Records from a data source
*** Begin section ***

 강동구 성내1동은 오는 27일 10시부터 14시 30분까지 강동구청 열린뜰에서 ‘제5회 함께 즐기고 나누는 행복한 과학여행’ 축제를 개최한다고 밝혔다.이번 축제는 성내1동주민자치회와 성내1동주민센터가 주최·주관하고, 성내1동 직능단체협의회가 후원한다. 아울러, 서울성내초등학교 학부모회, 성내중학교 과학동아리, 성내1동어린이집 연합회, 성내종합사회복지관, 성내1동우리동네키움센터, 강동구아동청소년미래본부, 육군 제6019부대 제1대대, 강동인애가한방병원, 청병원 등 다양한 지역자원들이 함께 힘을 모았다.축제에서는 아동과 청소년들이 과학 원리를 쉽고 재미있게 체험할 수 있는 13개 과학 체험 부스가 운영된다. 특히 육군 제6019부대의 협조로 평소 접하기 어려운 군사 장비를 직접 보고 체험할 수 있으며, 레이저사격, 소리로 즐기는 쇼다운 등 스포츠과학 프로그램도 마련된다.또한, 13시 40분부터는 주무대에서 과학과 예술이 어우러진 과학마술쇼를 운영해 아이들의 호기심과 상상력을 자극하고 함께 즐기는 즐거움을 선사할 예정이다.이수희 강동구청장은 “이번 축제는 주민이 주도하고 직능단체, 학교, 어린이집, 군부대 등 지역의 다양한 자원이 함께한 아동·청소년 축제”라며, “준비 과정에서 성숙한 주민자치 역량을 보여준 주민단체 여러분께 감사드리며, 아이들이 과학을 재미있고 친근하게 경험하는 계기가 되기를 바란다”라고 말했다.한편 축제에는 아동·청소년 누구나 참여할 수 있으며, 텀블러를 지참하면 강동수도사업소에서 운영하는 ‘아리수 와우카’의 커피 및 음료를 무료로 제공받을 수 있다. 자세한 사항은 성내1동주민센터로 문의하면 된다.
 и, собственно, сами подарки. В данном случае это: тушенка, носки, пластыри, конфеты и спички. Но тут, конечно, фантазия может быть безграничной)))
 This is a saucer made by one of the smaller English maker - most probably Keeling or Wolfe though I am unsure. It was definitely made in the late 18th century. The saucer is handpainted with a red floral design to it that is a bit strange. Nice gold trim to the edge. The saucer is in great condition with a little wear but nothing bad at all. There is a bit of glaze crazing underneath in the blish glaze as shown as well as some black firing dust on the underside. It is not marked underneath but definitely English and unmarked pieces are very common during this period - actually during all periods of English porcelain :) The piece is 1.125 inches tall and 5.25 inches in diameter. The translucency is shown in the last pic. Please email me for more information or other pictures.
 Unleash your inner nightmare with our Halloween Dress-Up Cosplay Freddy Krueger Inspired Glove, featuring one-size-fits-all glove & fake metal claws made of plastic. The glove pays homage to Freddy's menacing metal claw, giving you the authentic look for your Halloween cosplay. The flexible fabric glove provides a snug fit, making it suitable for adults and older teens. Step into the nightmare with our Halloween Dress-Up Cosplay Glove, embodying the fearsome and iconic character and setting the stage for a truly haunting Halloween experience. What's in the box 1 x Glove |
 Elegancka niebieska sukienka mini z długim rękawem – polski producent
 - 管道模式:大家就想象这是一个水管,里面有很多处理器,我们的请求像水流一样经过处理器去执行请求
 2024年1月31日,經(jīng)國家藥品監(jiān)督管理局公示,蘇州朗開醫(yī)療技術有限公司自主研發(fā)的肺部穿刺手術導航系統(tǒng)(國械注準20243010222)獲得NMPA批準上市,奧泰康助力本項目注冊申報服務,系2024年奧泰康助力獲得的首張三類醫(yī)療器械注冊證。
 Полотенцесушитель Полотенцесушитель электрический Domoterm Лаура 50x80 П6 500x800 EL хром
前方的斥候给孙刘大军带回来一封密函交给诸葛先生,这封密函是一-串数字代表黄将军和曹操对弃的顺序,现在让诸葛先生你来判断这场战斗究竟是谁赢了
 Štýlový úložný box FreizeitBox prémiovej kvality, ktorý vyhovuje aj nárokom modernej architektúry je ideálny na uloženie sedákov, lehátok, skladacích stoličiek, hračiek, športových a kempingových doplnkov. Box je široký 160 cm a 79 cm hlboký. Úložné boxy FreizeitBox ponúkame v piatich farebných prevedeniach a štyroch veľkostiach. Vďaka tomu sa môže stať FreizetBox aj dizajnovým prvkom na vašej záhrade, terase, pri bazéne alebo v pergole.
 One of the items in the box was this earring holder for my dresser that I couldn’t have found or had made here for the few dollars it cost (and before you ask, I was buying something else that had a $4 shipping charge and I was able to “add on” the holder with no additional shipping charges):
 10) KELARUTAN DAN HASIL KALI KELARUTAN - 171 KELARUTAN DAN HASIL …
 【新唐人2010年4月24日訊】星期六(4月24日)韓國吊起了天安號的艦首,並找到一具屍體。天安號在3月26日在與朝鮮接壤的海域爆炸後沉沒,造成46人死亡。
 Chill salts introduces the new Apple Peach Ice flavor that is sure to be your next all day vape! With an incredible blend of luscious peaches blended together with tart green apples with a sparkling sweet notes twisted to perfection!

*** End section ***

**Required action:** All lines of the data are to be repeated exactly as they stand.

**Solution to this problem:**
 강동구 성내1동은 오는 27일 10시부터 14시 30분까지 강동구청 열린뜰에서 ‘제5회 함께 즐기고 나누는 행복한 과학여행’ 축제를 개최한다고 밝혔다.이번 축제는 성내1동주민자치회와 성내1동주민센터가 주최·주관하고, 성내1동 직능단체협의회가 후원한다. 아울러, 서울성내초등학교 학부모회, 성내중학교 과학동아리, 성내1동어린이집 연합회, 성내종합사회복지관, 성내1동우리동네키움센터, 강동구아동청소년미래본부, 육군 제6019부대 제1대대, 강동인애가한방병원, 청병원 등 다양한 지역자원들이 함께 힘을 모았다.축제에서는 아동과 청소년들이 과학 원리를 쉽고 재미있게 체험할 수 있는 13개 과학 체험 부스가 운영된다. 특히 육군 제6019부대의 협조로 평소 접하기 어려운 군사 장비를 직접 보고 체험할 수 있으며, 레이저사격, 소리로 즐기는 쇼다운 등 스포츠과학 프로그램도 마련된다.또한, 13시 40분부터는 주무대에서 과학과 예술이 어우러진 과학마술쇼를 운영해 아이들의 호기심과 상상력을 자극하고 함께 즐기는 즐거움을 선사할 예정이다.이수희 강동구청장은 “이번 축제는 주민이 주도하고 직능단체, 학교, 어린이집, 군부대 등 지역의 다양한 자원이 함께한 아동·청소년 축제”라며, “준비 과정에서 성숙한 주민자치 역량을 보여준 주민단체 여러분께 감사드리며, 아이들이 과학을 재미있고 친근하게 경험하는 계기가 되기를 바란다”라고 말했다.한편 축제에는 아동·청소년 누구나 참여할 수 있으며, 텀블러를 지참하면 강동수도사업소에서 운영하는 ‘아리수 와우카’의 커피 및 음료를 무료로 제공받을 수 있다. 자세한 사항은 성내1동주민센터로 문의하면 된다.
 и, собственно, сами подарки. В данном случае это: тушенка, носки, пластыри, конфеты и спички. Но тут, конечно, фантазия может быть безграничной)))
 This is a saucer made by one of the smaller English maker - most probably Keeling or Wolfe though I am unsure. It was definitely made in the late 18th century. The saucer is handpainted with a red floral design to it that is a bit strange. Nice gold trim to the edge. The saucer is in great condition with a little wear but nothing bad at all. There is a bit of glaze crazing underneath in the blish glaze as shown as well as some black firing dust on the underside. It is not marked underneath but definitely English and unmarked pieces are very common during this period - actually during all periods of English porcelain :) The piece is 1.125 inches tall and 5.25 inches in diameter. The translucency is shown in the last pic. Please email me for more information or other pictures.
 Unleash your inner nightmare with our Halloween Dress-Up Cosplay Freddy Krueger Inspired Glove, featuring one-size-fits-all glove & fake metal claws made of plastic. The glove pays homage to Freddy's menacing metal claw, giving you the authentic look for your Halloween cosplay. The flexible fabric glove provides a snug fit, making it suitable for adults and older teens. Step into the nightmare with our Halloween Dress-Up Cosplay Glove, embodying the fearsome and iconic character and setting the stage for a truly haunting Halloween experience. What's in the box 1 x Glove |
 Elegancka niebieska sukienka mini z długim rękawem – polski producent
 - 管道模式:大家就想象这是一个水管,里面有很多处理器,我们的请求像水流一样经过处理器去执行请求
 2024年1月31日,經(jīng)國家藥品監(jiān)督管理局公示,蘇州朗開醫(yī)療技術有限公司自主研發(fā)的肺部穿刺手術導航系統(tǒng)(國械注準20243010222)獲得NMPA批準上市,奧泰康助力本項目注冊申報服務,系2024年奧泰康助力獲得的首張三類醫(yī)療器械注冊證。
 Полотенцесушитель Полотенцесушитель электрический Domoterm Лаура 50x80 П6 500x800 EL хром
前方的斥候给孙刘大军带回来一封密函交给诸葛先生,这封密函是一-串数字代表黄将军和曹操对弃的顺序,现在让诸葛先生你来判断这场战斗究竟是谁赢了
 Štýlový úložný box FreizeitBox prémiovej kvality, ktorý vyhovuje aj nárokom modernej architektúry je ideálny na uloženie sedákov, lehátok, skladacích stoličiek, hračiek, športových a kempingových doplnkov. Box je široký 160 cm a 79 cm hlboký. Úložné boxy FreizeitBox ponúkame v piatich farebných prevedeniach a štyroch veľkostiach. Vďaka tomu sa môže stať FreizetBox aj dizajnovým prvkom na vašej záhrade, terase, pri bazéne alebo v pergole.
 One of the items in the box was this earring holder for my dresser that I couldn’t have found or had made here for the few dollars it cost (and before you ask, I was buying something else that had a $4 shipping charge and I was able to “add on” the holder with no additional shipping charges):
 10) KELARUTAN DAN HASIL KALI KELARUTAN - 171 KELARUTAN DAN HASIL …
 【新唐人2010年4月24日訊】星期六(4月24日)韓國吊起了天安號的艦首,並找到一具屍體。天安號在3月26日在與朝鮮接壤的海域爆炸後沉沒,造成46人死亡。
 Chill salts introduces the new Apple Peach Ice flavor that is sure to be your next all day vape! With an incredible blend of luscious peaches blended together with tart green apples with a sparkling sweet notes twisted to perfection!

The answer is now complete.